Please restate word for word the lines from the top of the entries through the line that contains "Schedule of the", and do not include any pictures.

[Records excerpted from a collection]
========
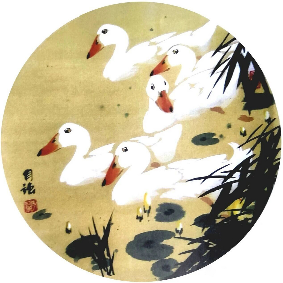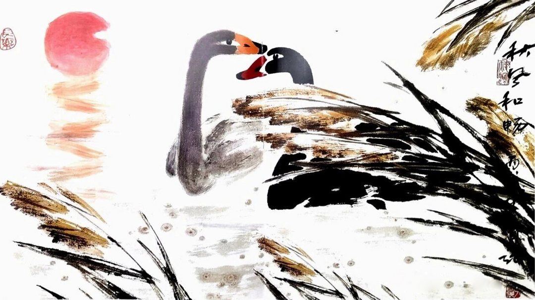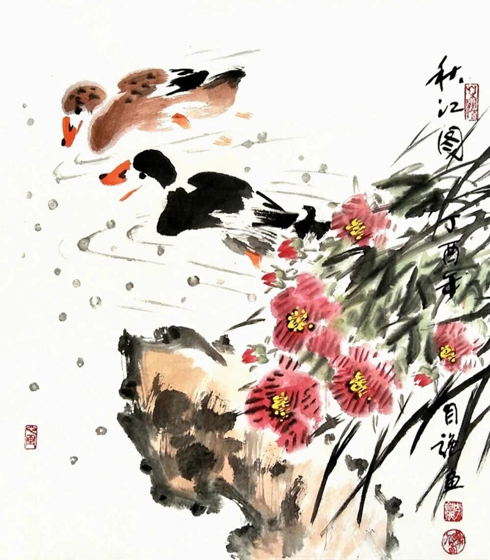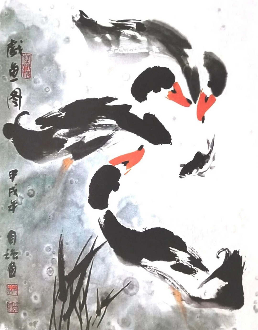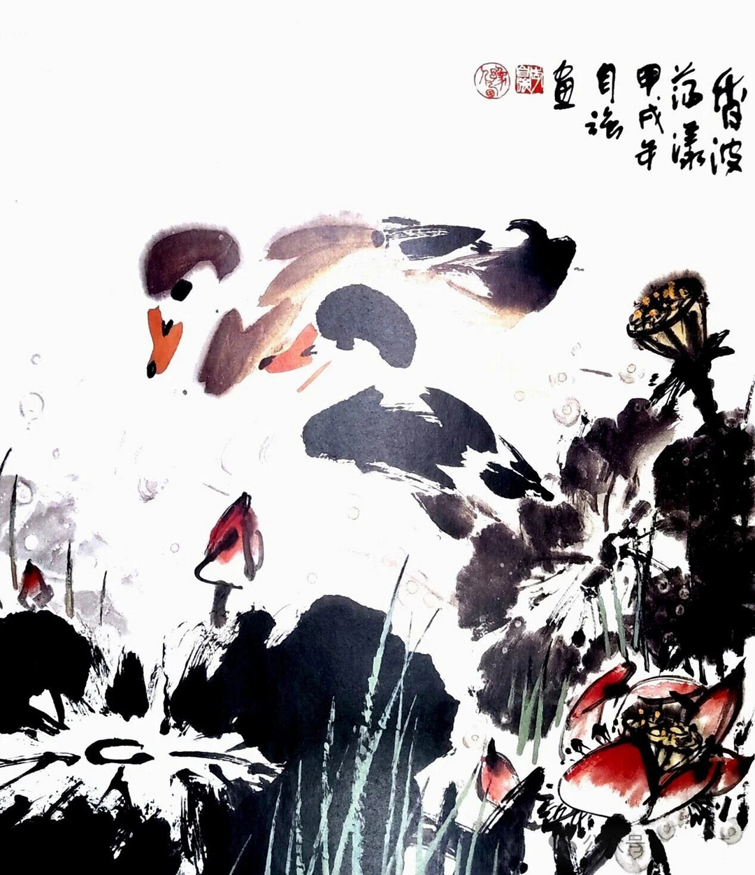 其笔下之鸭,姿态万千,气韵相连。双鸭相依含温情,三鸭结伴自在游,群鸭嬉戏添喧闹;或静卧安闲,或振翅追逐,或低头觅食,或回首顾盼。或配以花草、竹枝、河石、芦苇等,满幅皆是自然生机。荷塘白鸭清雅脱俗,乳鸭憨态可掬,尤显可爱,麻鸭意蕴醇厚,一题一境皆成佳构。在一幅《戏鱼图》,更将水墨写意与西画技法画水精妙相融,三只鸭子追逐一条小鱼,迂回周旋,小鱼极力逃窜,三鸭紧追不舍,整个画面充满旋律动感,意趣盎然,耐人寻味。
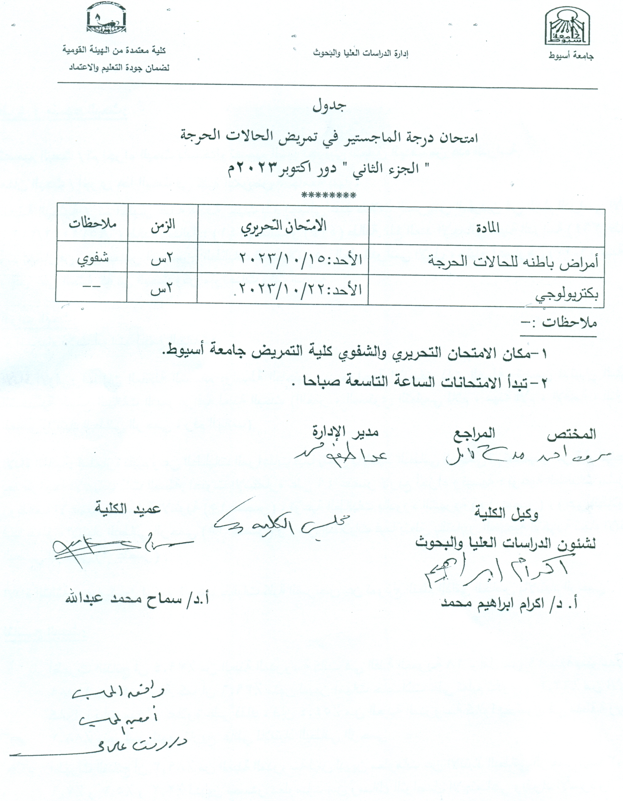 Schedule of the Master’s Degree Examination in Critical Care Nursing, “Part Two,” October 2023 11 October 2023
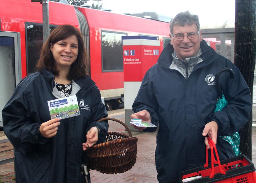 Als kleines Dankeschön verteilten Anja Schäffler, die Klimaschutzmanagerin des Kreises Ostholstein und Horst Weppler, Leiter des Fachdienstes Regionale Planung, Postkarten und Minzdrops.
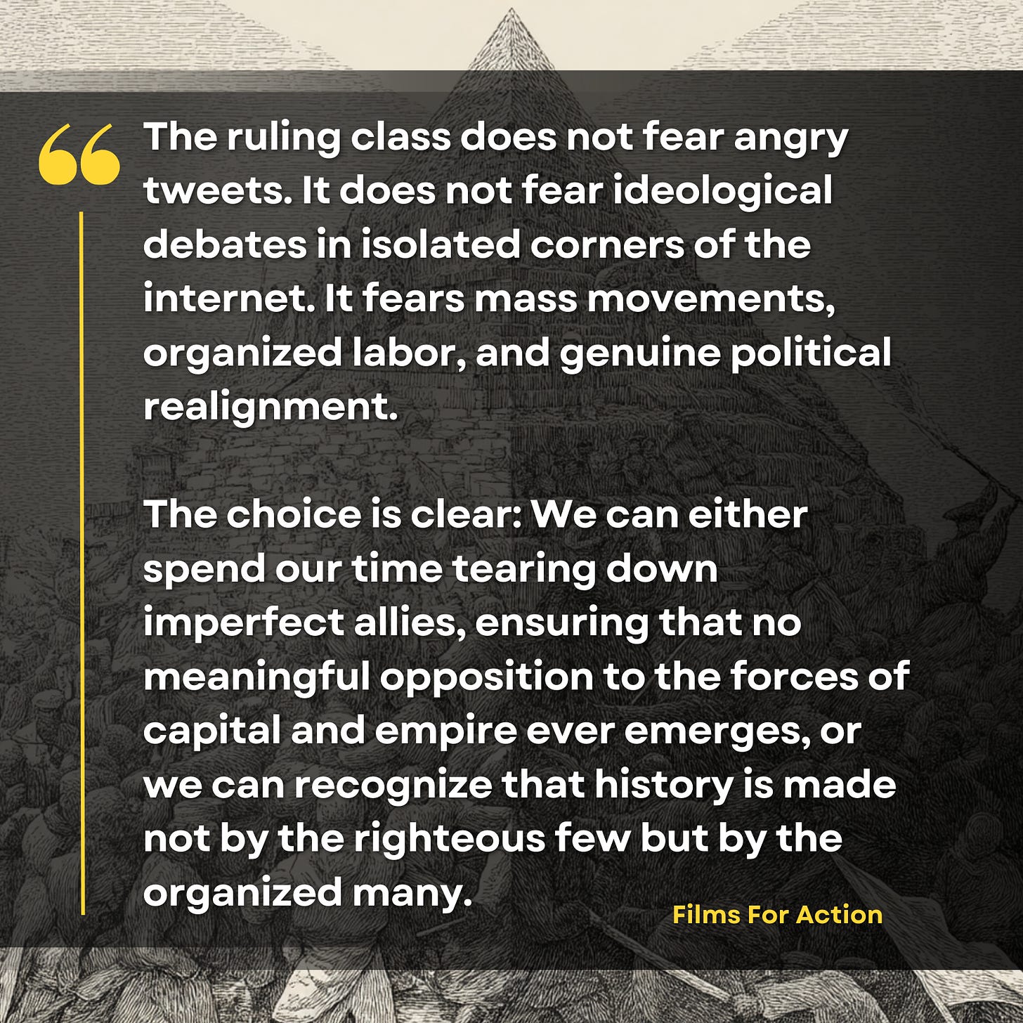 The ruling class does not fear angry tweets. It does not fear ideological debates in isolated corners of the internet. It fears mass movements, organized labor, and genuine political realignment. The only way forward is to recognize the material realities of power, build alliances where possible, and act with the strategic discipline that our opponents so effectively deploy against us.
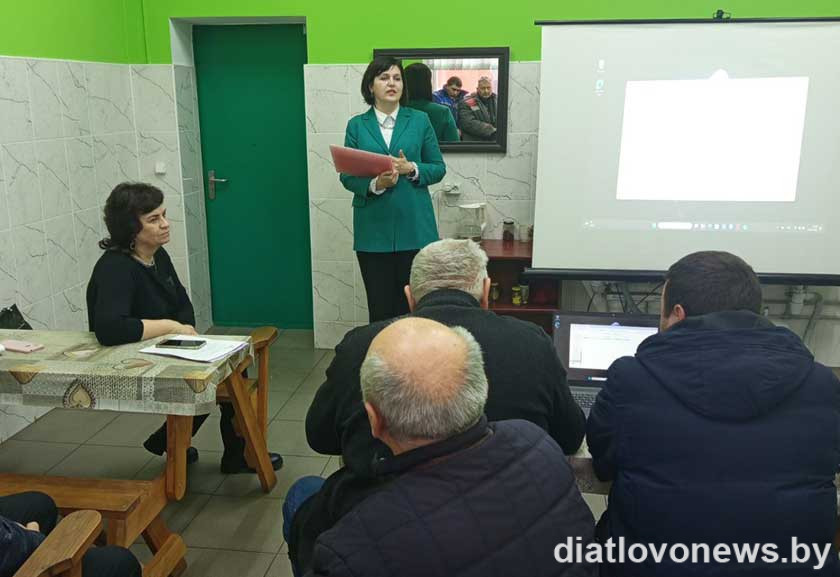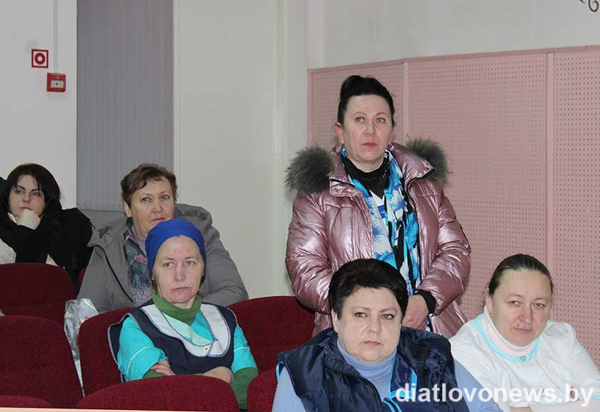 Марыя Шымчык, памочнік доктара-гігіеніста Дзятлаўскага райЦГЭ, расказала работнікам пансіяната пра арганізацыю перыядычных і пазачарговых медыцынскіх аглядаў.
========
SOLVED EXERCISE »
 其笔下之鸭,姿态万千,气韵相连。双鸭相依含温情,三鸭结伴自在游,群鸭嬉戏添喧闹;或静卧安闲,或振翅追逐,或低头觅食,或回首顾盼。或配以花草、竹枝、河石、芦苇等,满幅皆是自然生机。荷塘白鸭清雅脱俗,乳鸭憨态可掬,尤显可爱,麻鸭意蕴醇厚,一题一境皆成佳构。在一幅《戏鱼图》,更将水墨写意与西画技法画水精妙相融,三只鸭子追逐一条小鱼,迂回周旋,小鱼极力逃窜,三鸭紧追不舍,整个画面充满旋律动感,意趣盎然,耐人寻味。
 Schedule of the Master’s Degree Examination in Critical Care Nursing, “Part Two,” October 2023 11 October 2023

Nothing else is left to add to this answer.